UC Berkeley

This dissertation explores interface interactions, topology of spin structures, and the use of interface interactions in manipulating the topology of spin structures. First, I will present our work on interface interactions in magnetic thin film heterostructures. A majority of interesting phenomena in magnetic heterostructures are caused primarily by the interface interactions. In exchange bias system CoO/MgO/Fe/Ag(001), the role of frozen and rotatable antiferromagnetic spins in exchange bias system was investigated using X-ray Magnetic Linear Dichroism (XMLD). In the Py/FeMn/Ni/Cu(001) system, the indirect coupling through an antiferromagnetic spacer layer was studied through anisotropy measurements using Rotating-Field Magneto-Optical Kerr Effect (ROTMOKE).

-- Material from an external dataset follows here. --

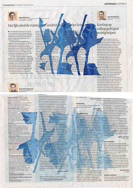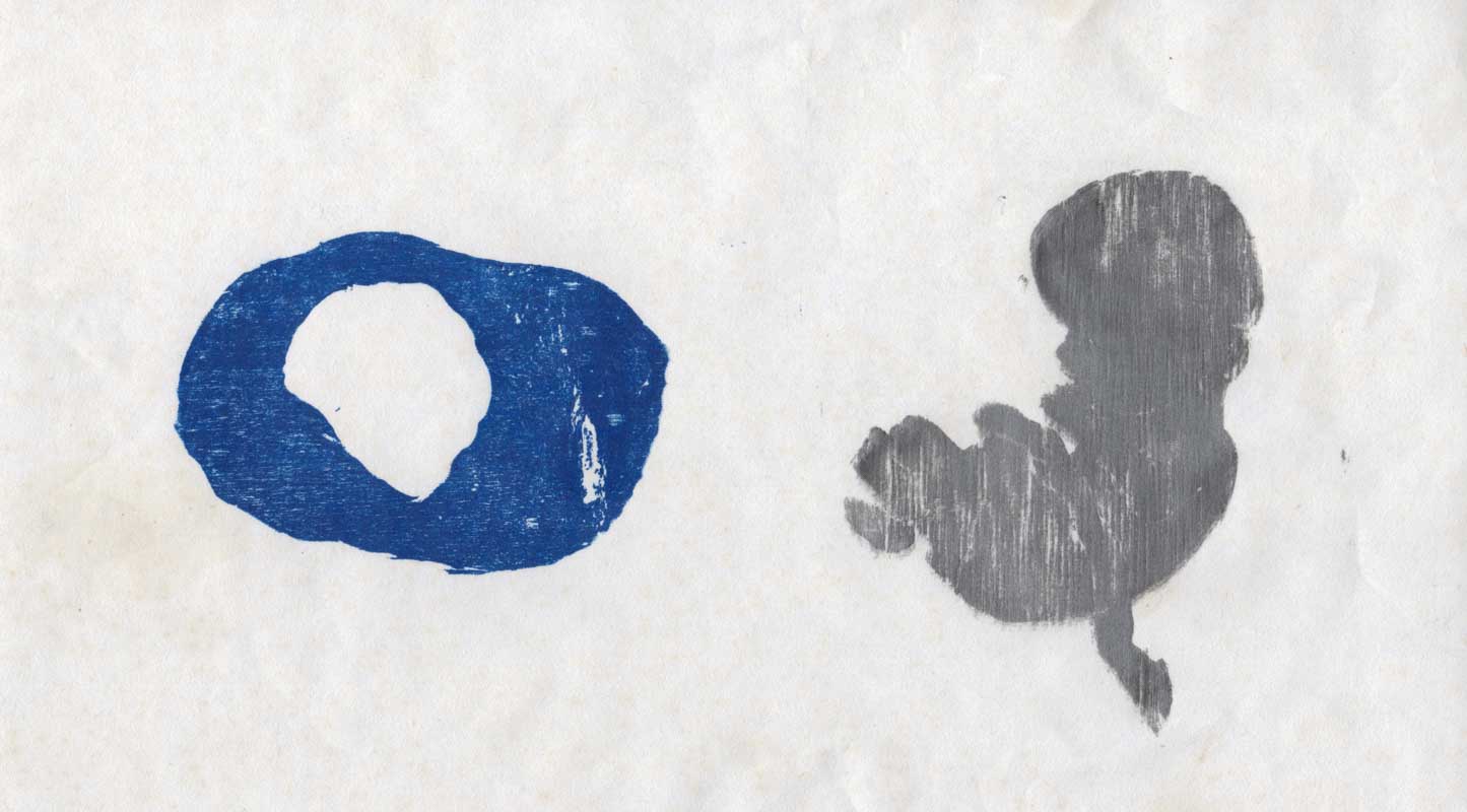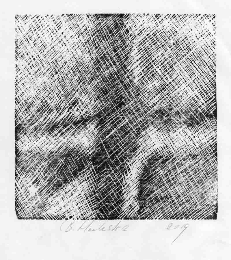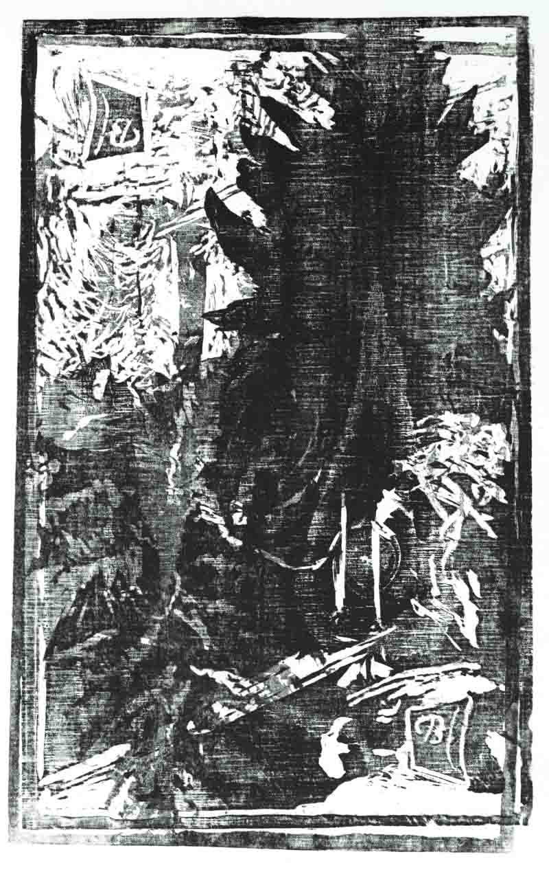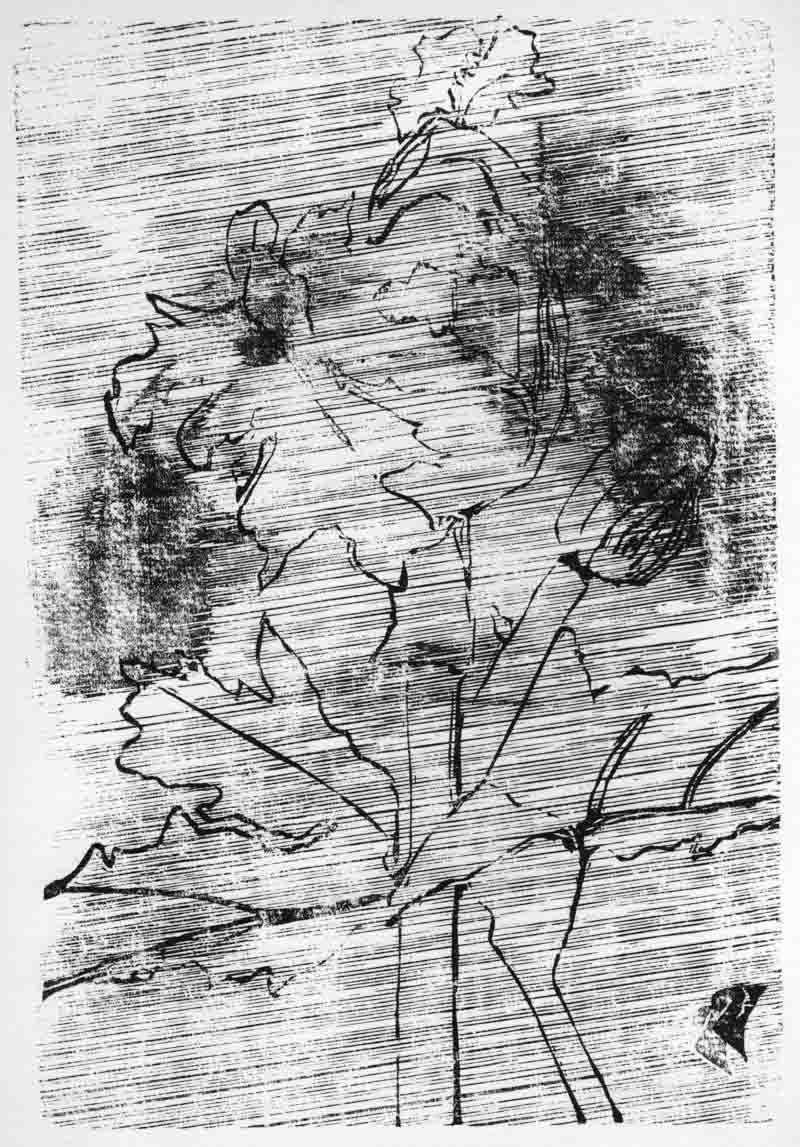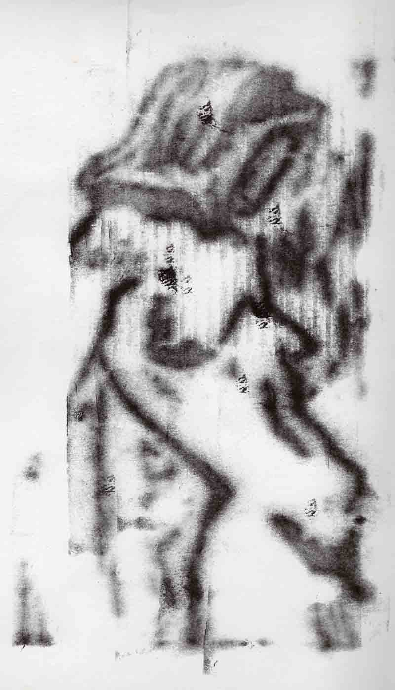 Voorhandig papier kan in zo’n geval ook papier zijn wat gewoon ergens rondslingert (ik ben een begenadigd chaoticus) en waar al iets op gedrukt is. En dan kan het drukken soms hele mooie toevallige resultaten of combinaties opleveren. Een embryo dat plotseling een tweelingbroertje of – zusje blijkt te hebben; een mistig beekdal dat opeens nog mistiger is geworden; of een model, dat op de achterkant van het papier opeens een heel sprekende tekening wordt, die alleen nog een kwastje aquarelverf nodig heeft om echt iets te worden. Wel weer jammer dat die laatsten op gewoon goedkoop krantenpapier zijn gedrukt. Niet echt voor de eeuwigheid, ben ik bang. Maar ach, wat is eeuwigheid; we leven nu. En nu zijn het best mooie plaatjes. Toch?
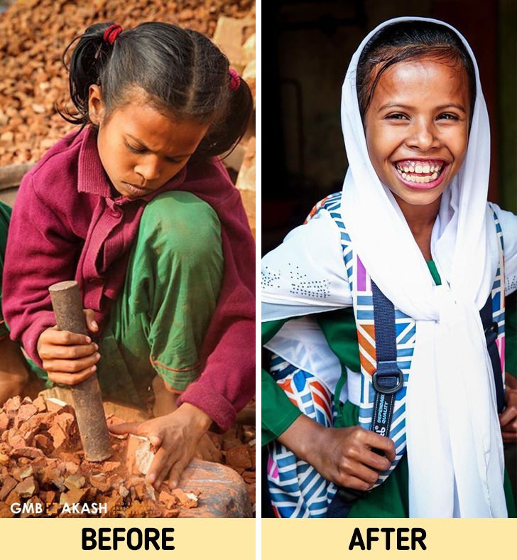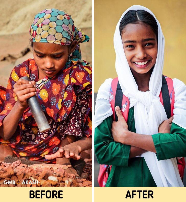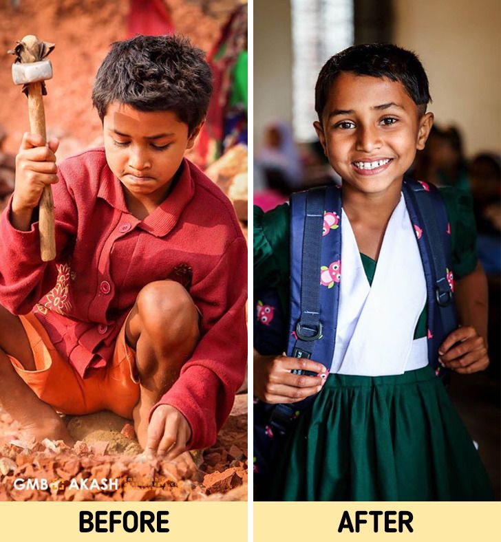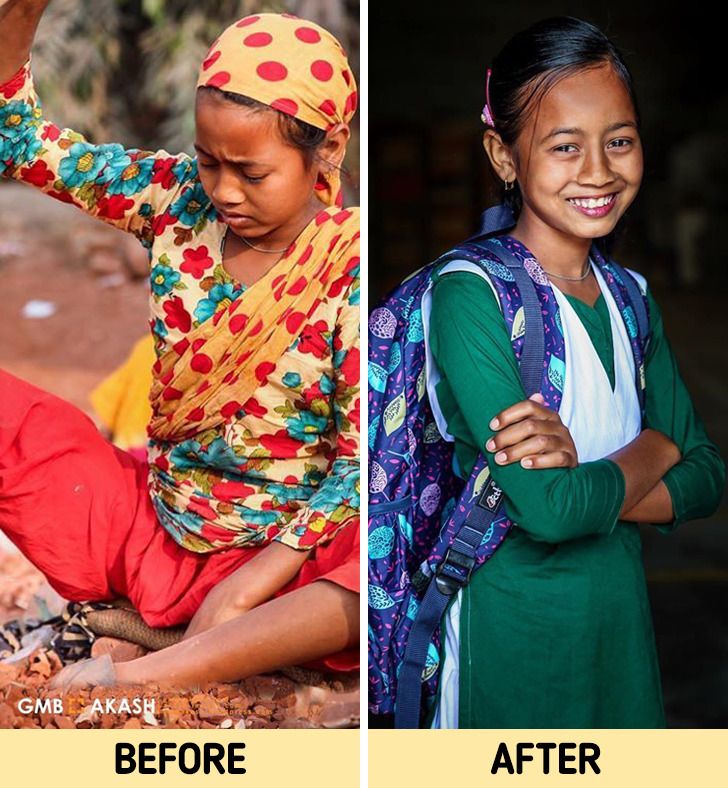 2020年12月13日兒童受教育的問題一直備受關注。孟加拉的童工問題非常嚴重,很多孩子因為家中經濟的關係,明明在適學年齡,卻不能讀書,只能工作賺錢養家,讓人非常心疼。孟加拉攝影師GMB Akash希望能夠給這些孩子提供幫助,多年來他一直堅持捐款,資助失學兒童回到學校讀書。除此之外,他還拍下孩子們上學前和上學後的對比照,孩子們拿起課本後臉上燦爛的笑容讓人非常感動。

Second, I will present our work on artificial topological spin structures. Traditionally, research on nanostructured magnetic materials has focused on the study of uniformly magnetized thin films. With the increasing capability to prepare and manipulate non-uniform spin configurations in recent years, various topological spin structure have been realized. In magnetic thin films, magnetic vortex states can be stabilized by reducing the lateral dimension of the magnetic thin film to the nanoscale due to the increased shape anisotropy. By combining this shape anisotropy and interlayer exchange coupling at the interface, we showed that more complex topological spin structures such as spin skyrmions and hedgehog spin merons can be stabilized and manipulated. By utilizing uniaxial strain in a ferroelectric-ferromagnetic system Co/Cu/PMN-PT(011), we demonstrated a method to manipulate the circulation of a magnetic vortex state using strain.